Task to complete: Copy down the listing below exactly. Do not include pictures.

Supplied information:
*** Block opens ***

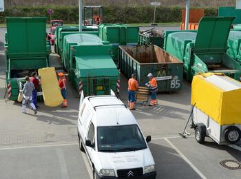 Oberbürgermeister Christian Specht lässt sich die Funktionen des neuen Fahrzeugs erklären
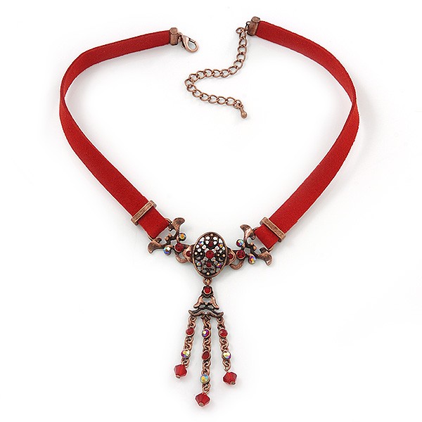 Victorian Red Suede Style Diamante Choker Necklace In Bronze Tone Metal - 34cm
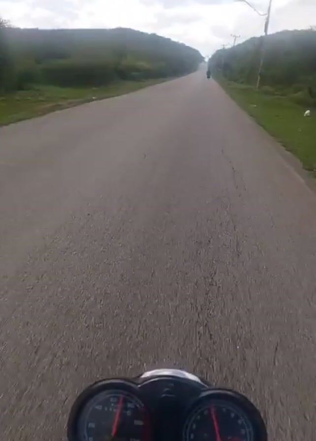 The viewpoint is that of someone riding a motorcycle on a paved, but cracked, road. The speedometer indicates a speed of approximately 60 km/h. There's another motorcycle visible far ahead on the road. The surroundings are rural, with green vegetation, hills, and utility poles lining the sides of the road. The sky is partly cloudy.

*** Block closes ***

Task answer:
 Oberbürgermeister Christian Specht lässt sich die Funktionen des neuen Fahrzeugs erklären
 Victorian Red Suede Style Diamante Choker Necklace In Bronze Tone Metal - 34cm
 The viewpoint is that of someone riding a motorcycle on a paved, but cracked, road. The speedometer indicates a speed of approximately 60 km/h. There's another motorcycle visible far ahead on the road. The surroundings are rural, with green vegetation, hills, and utility poles lining the sides of the road. The sky is partly cloudy.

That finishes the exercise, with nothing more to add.